**Task statement**: From the entries below, return exactly the lines beginning at the one that contains "Der personalisierte XL" and ending at the one that contains "杨秀峰传达周恩来对交通大学迁校问题的指示(1957年)", both of them included, and only those lines.

--- Extracted material Enclosed Below ---

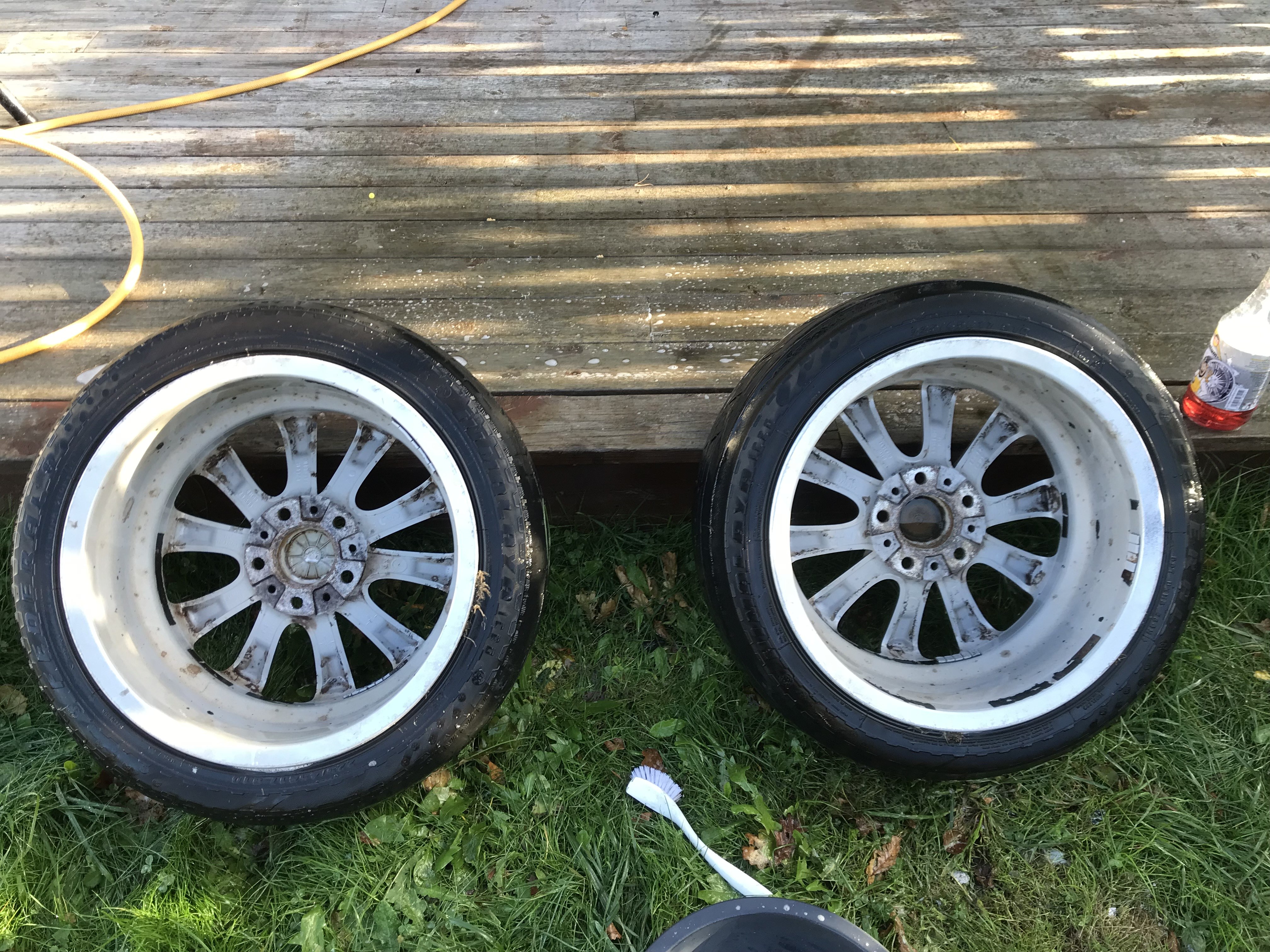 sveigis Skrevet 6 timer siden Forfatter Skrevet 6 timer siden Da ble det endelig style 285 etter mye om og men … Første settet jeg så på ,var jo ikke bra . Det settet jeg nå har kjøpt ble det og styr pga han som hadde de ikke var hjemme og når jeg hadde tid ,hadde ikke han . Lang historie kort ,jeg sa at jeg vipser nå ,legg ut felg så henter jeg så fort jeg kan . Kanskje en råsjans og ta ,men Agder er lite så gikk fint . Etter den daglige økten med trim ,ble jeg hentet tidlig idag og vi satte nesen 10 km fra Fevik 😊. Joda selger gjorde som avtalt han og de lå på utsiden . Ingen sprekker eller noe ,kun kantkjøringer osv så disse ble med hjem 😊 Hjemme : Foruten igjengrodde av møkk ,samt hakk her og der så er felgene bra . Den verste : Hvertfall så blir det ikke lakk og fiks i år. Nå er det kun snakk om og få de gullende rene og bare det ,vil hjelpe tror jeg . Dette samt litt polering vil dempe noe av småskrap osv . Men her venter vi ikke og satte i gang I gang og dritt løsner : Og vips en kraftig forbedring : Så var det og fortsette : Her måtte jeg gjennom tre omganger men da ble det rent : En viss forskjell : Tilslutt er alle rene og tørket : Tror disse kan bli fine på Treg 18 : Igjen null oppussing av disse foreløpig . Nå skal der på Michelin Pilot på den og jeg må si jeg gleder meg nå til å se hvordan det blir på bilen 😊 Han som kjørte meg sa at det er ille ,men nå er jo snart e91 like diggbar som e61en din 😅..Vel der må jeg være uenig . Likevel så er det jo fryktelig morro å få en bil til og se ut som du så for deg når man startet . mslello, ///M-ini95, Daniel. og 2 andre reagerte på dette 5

--- End of Enclosed Extracted material ---
--- Extracted material Enclosed Below ---

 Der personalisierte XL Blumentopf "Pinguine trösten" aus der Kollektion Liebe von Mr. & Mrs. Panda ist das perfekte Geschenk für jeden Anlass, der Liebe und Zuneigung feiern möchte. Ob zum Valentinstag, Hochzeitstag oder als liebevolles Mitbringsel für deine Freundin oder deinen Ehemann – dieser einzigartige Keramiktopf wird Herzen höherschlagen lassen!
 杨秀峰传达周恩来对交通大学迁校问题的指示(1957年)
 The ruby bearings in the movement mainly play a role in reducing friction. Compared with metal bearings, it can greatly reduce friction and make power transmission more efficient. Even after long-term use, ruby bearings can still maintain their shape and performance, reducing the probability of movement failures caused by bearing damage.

--- End of Enclosed Extracted material ---

**Written reply**:
 Der personalisierte XL Blumentopf "Pinguine trösten" aus der Kollektion Liebe von Mr. & Mrs. Panda ist das perfekte Geschenk für jeden Anlass, der Liebe und Zuneigung feiern möchte. Ob zum Valentinstag, Hochzeitstag oder als liebevolles Mitbringsel für deine Freundin oder deinen Ehemann – dieser einzigartige Keramiktopf wird Herzen höherschlagen lassen!
 杨秀峰传达周恩来对交通大学迁校问题的指示(1957年)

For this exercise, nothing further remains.